Assigned task → Restate the full listing word for word and leave the pictures out.

Data below →
• • • • • • •

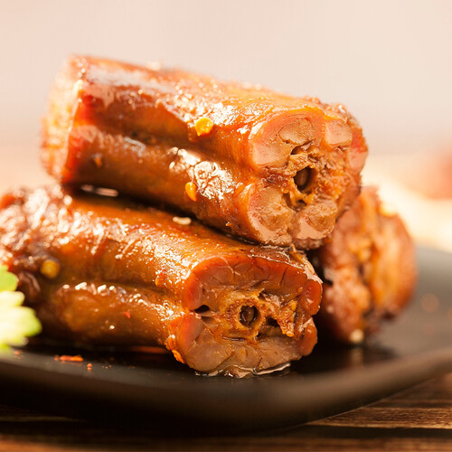 鸭脖的肉质细腻紧实,很有弹性,吃过之后满嘴的香醇,让你回味无穷。香辣口味直击味蕾,好吃又过瘾。荤素搭配,好吃过瘾。
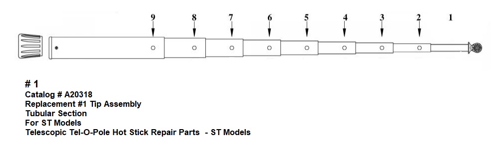 Catalog # A20318 Replacement #1 Tip Assembly Tubular Section For St Models Telescopic Tel-O-Pole Hot Stick Repair Parts - St Models
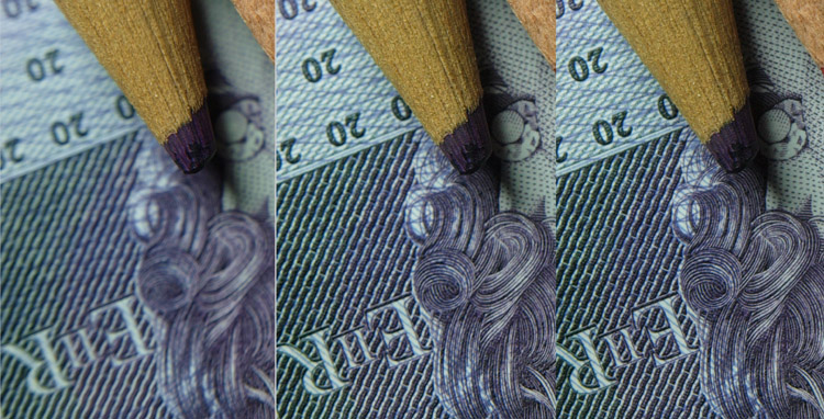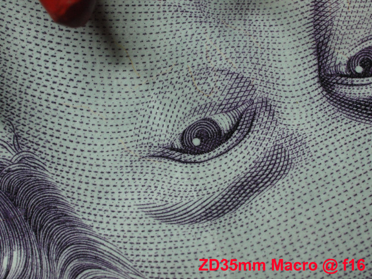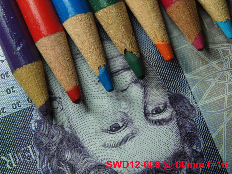 CRITIQUE: I cannot really express how impressed I am with this lens' close-up ability. This is simply stunning for a 'kit' lens, albeit an expensive one. Close focus ability is best of any of the ZD zoom lenses I've tested so far and the resolution it delivers is on a par with the ZD35mm Macro. At 50mm from the target you need to be careful with your lighting and of course the flash cannot be used. The distance from the focus point (blue crayon, centre) to the flat surface of the bank note is 3mm so you can see how shallow the DofF is with the lens at f=4. It does sharpen up well at f=8 and I cannot see (at full size anyway) any evidence of diffraction in the f=16 rendering. Looking at the final image, that from the ZD35mm macro lens (an absolute bargain by the way) the SWD12-60mm does very well and provides sharp enough images to allow you to cropping out to between 1:4 or 1:2 before significant loss of detail. With capability like this do you need a dedicated macro lens? I may do some further tesing to compare the output from the SWD12-60mm (and ZD35mm Macro) against what I consider to be the best Macro lens made, the OMZ90mm x 2.0 and it's smaller sibling the OMZ 50mm x 3.5; but that's for a later time. Judging by these results the OMZ's have a lot to do!
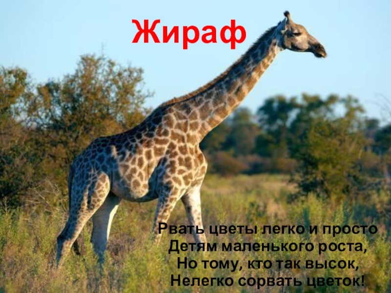 ЖирафРвать цветы легко и просто Детям маленького роста, Но тому, кто так высок, Нелегко сорвать цветок!

• • • • • • •

The answer →
 鸭脖的肉质细腻紧实,很有弹性,吃过之后满嘴的香醇,让你回味无穷。香辣口味直击味蕾,好吃又过瘾。荤素搭配,好吃过瘾。
 Catalog # A20318 Replacement #1 Tip Assembly Tubular Section For St Models Telescopic Tel-O-Pole Hot Stick Repair Parts - St Models
 CRITIQUE: I cannot really express how impressed I am with this lens' close-up ability. This is simply stunning for a 'kit' lens, albeit an expensive one. Close focus ability is best of any of the ZD zoom lenses I've tested so far and the resolution it delivers is on a par with the ZD35mm Macro. At 50mm from the target you need to be careful with your lighting and of course the flash cannot be used. The distance from the focus point (blue crayon, centre) to the flat surface of the bank note is 3mm so you can see how shallow the DofF is with the lens at f=4. It does sharpen up well at f=8 and I cannot see (at full size anyway) any evidence of diffraction in the f=16 rendering. Looking at the final image, that from the ZD35mm macro lens (an absolute bargain by the way) the SWD12-60mm does very well and provides sharp enough images to allow you to cropping out to between 1:4 or 1:2 before significant loss of detail. With capability like this do you need a dedicated macro lens? I may do some further tesing to compare the output from the SWD12-60mm (and ZD35mm Macro) against what I consider to be the best Macro lens made, the OMZ90mm x 2.0 and it's smaller sibling the OMZ 50mm x 3.5; but that's for a later time. Judging by these results the OMZ's have a lot to do!
 ЖирафРвать цветы легко и просто Детям маленького роста, Но тому, кто так высок, Нелегко сорвать цветок!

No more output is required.